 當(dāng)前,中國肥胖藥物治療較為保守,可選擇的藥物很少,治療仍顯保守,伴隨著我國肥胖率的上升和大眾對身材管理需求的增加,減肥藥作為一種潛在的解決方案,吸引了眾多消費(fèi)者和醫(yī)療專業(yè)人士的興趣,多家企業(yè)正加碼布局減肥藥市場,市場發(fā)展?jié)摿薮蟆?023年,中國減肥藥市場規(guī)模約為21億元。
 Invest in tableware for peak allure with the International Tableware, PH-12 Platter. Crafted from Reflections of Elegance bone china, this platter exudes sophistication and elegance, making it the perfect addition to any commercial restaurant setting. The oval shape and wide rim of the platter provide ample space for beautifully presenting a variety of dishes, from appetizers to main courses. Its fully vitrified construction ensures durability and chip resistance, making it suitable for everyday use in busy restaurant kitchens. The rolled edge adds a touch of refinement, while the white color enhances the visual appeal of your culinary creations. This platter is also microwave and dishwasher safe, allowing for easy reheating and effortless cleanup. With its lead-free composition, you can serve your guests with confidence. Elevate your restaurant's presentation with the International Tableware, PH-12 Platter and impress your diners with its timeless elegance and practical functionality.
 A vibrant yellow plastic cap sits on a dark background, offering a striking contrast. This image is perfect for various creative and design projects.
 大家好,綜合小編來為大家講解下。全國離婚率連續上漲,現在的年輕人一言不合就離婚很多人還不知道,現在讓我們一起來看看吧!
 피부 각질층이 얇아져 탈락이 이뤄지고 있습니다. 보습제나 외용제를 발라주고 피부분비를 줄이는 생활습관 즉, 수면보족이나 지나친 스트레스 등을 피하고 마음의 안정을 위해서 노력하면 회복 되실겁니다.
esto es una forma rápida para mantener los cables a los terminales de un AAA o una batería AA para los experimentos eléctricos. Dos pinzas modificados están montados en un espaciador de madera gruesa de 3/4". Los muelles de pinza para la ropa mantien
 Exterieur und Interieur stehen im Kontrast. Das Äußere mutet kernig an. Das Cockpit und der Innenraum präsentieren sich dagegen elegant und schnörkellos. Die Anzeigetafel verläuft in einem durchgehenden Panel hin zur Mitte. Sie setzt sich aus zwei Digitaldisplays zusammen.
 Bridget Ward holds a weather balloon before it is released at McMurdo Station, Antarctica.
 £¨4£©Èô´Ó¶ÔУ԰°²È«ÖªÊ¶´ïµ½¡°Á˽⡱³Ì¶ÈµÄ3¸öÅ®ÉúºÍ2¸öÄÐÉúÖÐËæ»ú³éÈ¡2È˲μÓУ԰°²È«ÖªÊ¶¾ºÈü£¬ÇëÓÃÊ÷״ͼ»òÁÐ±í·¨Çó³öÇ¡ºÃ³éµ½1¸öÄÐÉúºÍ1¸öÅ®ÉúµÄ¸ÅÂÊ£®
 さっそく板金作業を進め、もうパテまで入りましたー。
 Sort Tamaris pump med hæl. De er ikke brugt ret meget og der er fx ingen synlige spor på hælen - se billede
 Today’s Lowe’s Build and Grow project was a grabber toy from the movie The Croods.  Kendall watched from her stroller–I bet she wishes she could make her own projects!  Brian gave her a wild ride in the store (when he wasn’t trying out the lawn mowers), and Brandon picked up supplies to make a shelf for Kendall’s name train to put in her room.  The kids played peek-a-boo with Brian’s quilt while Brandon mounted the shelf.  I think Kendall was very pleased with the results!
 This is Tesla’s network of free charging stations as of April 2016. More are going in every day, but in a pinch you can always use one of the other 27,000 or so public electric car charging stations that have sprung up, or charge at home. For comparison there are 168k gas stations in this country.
_ _ _ _
# Work instructions:
Each line in the entries above, starting at the line with "大家好,綜合小編來為大家講解" and ending at the line with "esto es una", is to be printed exactly, and only those lines.

# Result:
 大家好,綜合小編來為大家講解下。全國離婚率連續上漲,現在的年輕人一言不合就離婚很多人還不知道,現在讓我們一起來看看吧!
 피부 각질층이 얇아져 탈락이 이뤄지고 있습니다. 보습제나 외용제를 발라주고 피부분비를 줄이는 생활습관 즉, 수면보족이나 지나친 스트레스 등을 피하고 마음의 안정을 위해서 노력하면 회복 되실겁니다.
esto es una forma rápida para mantener los cables a los terminales de un AAA o una batería AA para los experimentos eléctricos. Dos pinzas modificados están montados en un espaciador de madera gruesa de 3/4". Los muelles de pinza para la ropa mantien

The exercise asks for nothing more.